▸ Exercise
Output only the lines below from the one holding "This photo taken" down to the one holding "6月5日,女飞行大学生在中国", both end lines included and every picture dropped.

[Collected data entries]

++++++

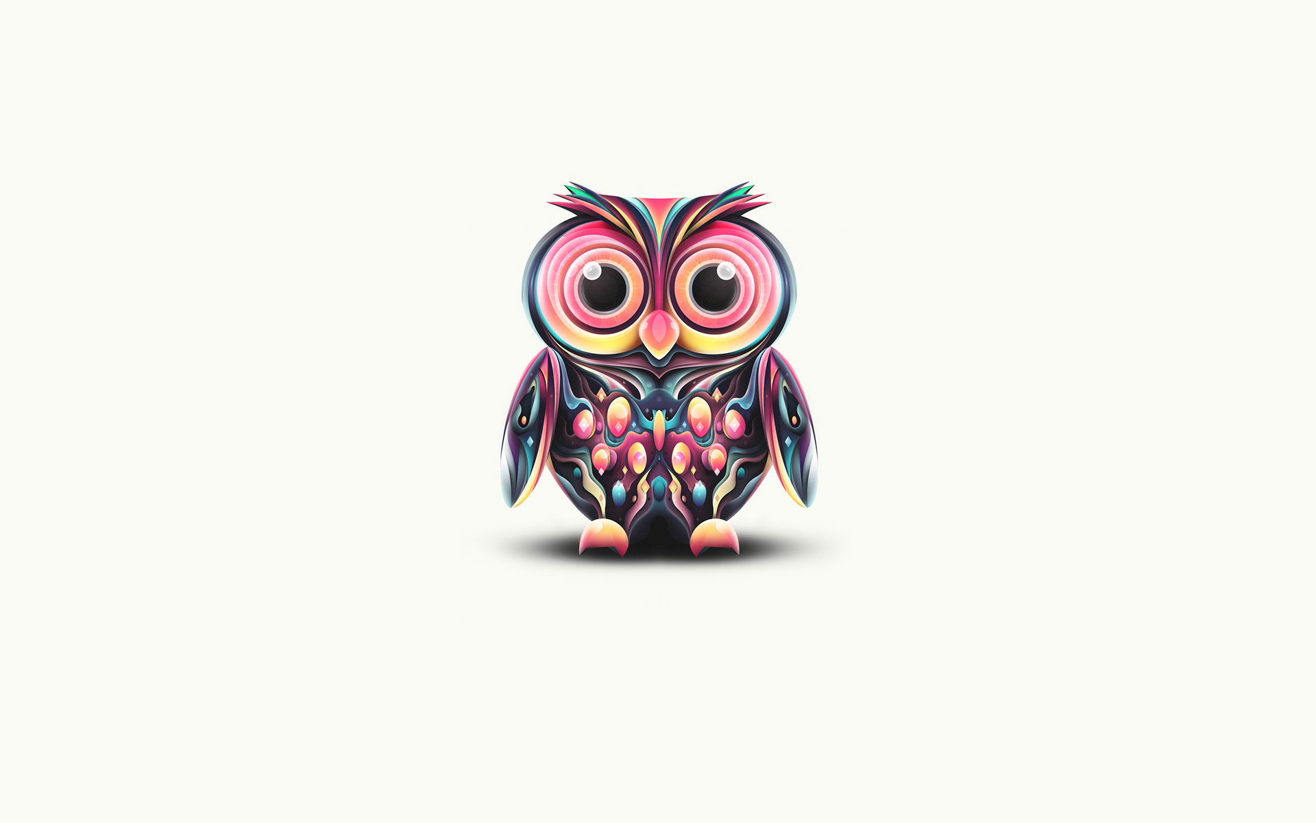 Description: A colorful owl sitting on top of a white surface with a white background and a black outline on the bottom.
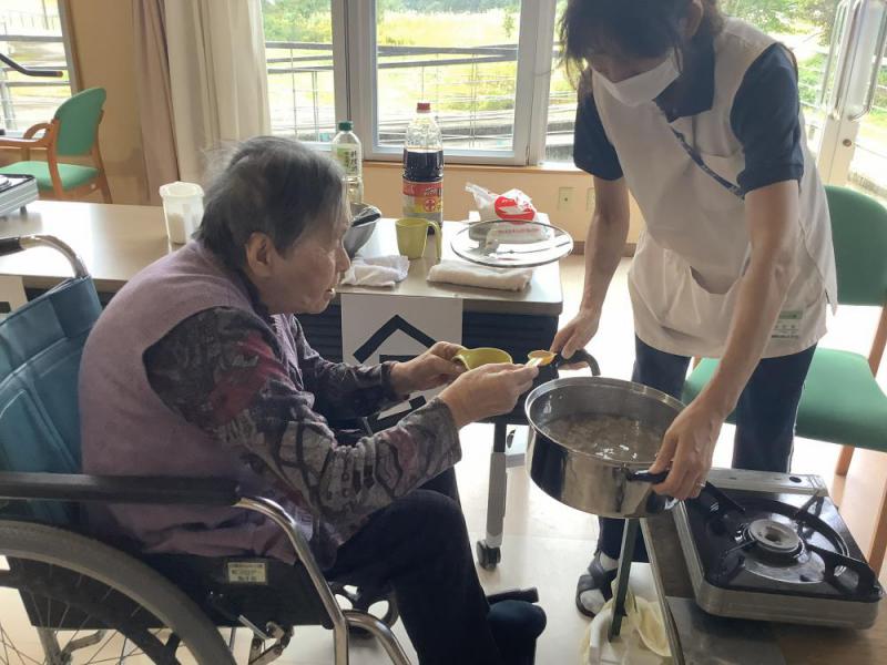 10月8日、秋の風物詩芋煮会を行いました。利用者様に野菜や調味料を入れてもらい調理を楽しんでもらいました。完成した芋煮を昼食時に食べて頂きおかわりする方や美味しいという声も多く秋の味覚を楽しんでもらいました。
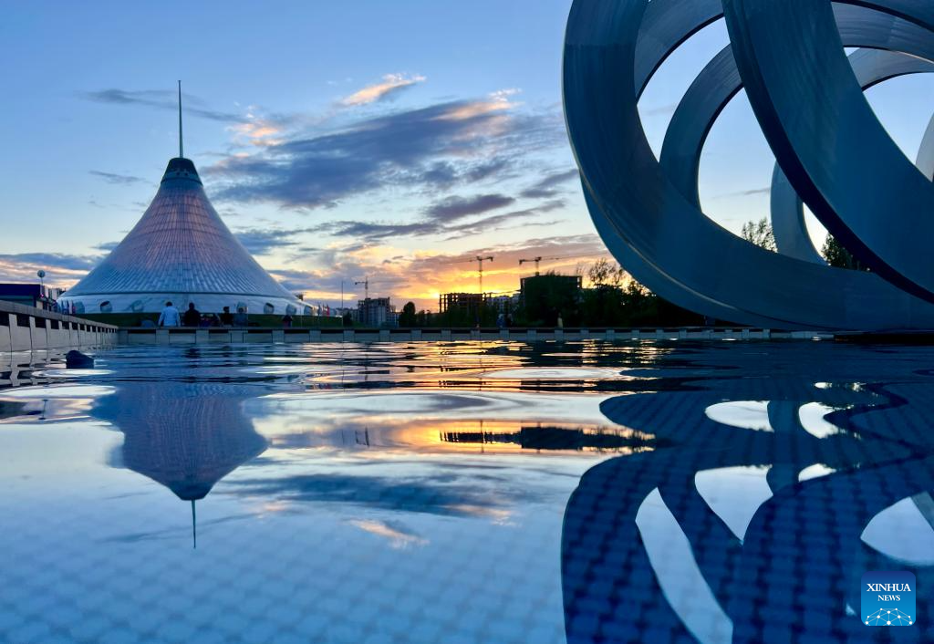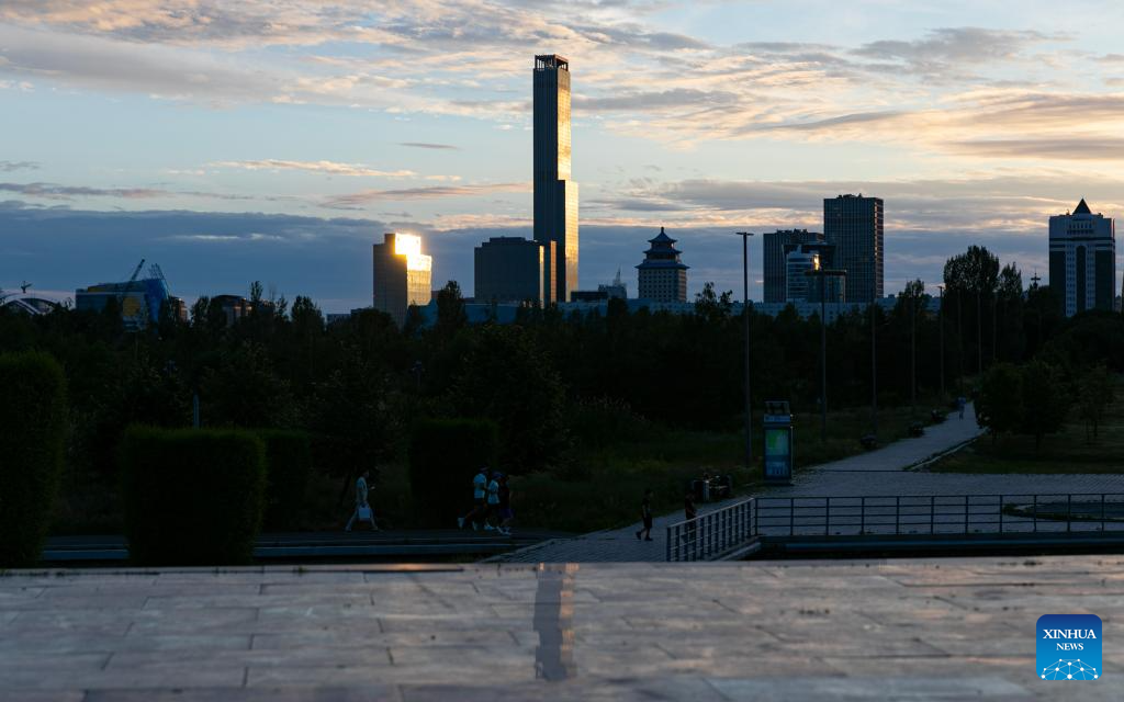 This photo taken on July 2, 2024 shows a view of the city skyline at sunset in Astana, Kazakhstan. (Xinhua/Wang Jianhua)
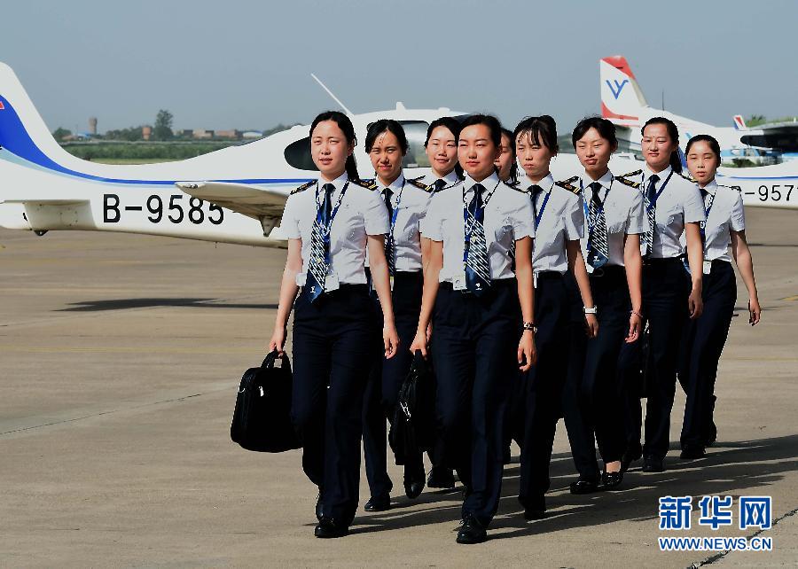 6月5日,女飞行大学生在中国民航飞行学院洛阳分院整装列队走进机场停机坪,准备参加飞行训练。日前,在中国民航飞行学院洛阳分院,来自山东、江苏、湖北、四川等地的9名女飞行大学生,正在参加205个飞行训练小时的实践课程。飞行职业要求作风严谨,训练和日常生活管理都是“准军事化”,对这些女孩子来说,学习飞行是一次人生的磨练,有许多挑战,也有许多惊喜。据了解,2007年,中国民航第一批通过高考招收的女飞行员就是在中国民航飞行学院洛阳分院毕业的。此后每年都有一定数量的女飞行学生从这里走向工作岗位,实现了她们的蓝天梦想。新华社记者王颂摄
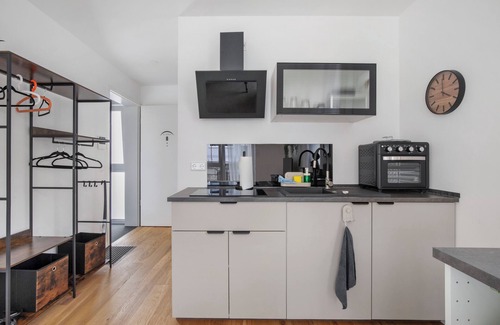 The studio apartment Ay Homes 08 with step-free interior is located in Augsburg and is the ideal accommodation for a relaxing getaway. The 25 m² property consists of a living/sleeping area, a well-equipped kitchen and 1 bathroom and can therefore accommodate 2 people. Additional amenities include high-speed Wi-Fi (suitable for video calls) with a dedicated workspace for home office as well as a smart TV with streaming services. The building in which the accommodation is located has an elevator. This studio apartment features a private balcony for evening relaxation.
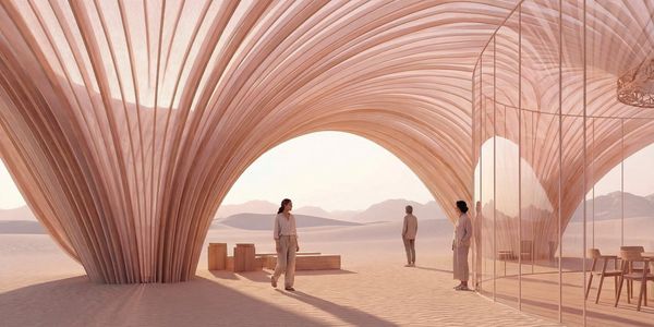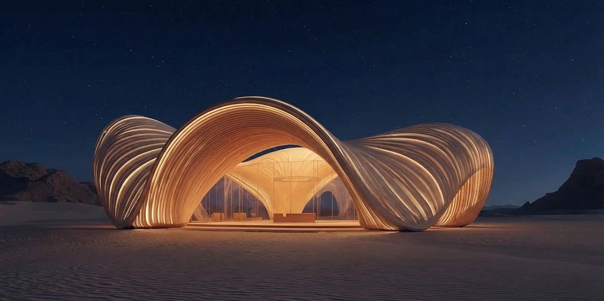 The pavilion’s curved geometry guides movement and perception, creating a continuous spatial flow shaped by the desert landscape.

++++++

▸ Written solution
 This photo taken on July 2, 2024 shows a view of the city skyline at sunset in Astana, Kazakhstan. (Xinhua/Wang Jianhua)
 6月5日,女飞行大学生在中国民航飞行学院洛阳分院整装列队走进机场停机坪,准备参加飞行训练。日前,在中国民航飞行学院洛阳分院,来自山东、江苏、湖北、四川等地的9名女飞行大学生,正在参加205个飞行训练小时的实践课程。飞行职业要求作风严谨,训练和日常生活管理都是“准军事化”,对这些女孩子来说,学习飞行是一次人生的磨练,有许多挑战,也有许多惊喜。据了解,2007年,中国民航第一批通过高考招收的女飞行员就是在中国民航飞行学院洛阳分院毕业的。此后每年都有一定数量的女飞行学生从这里走向工作岗位,实现了她们的蓝天梦想。新华社记者王颂摄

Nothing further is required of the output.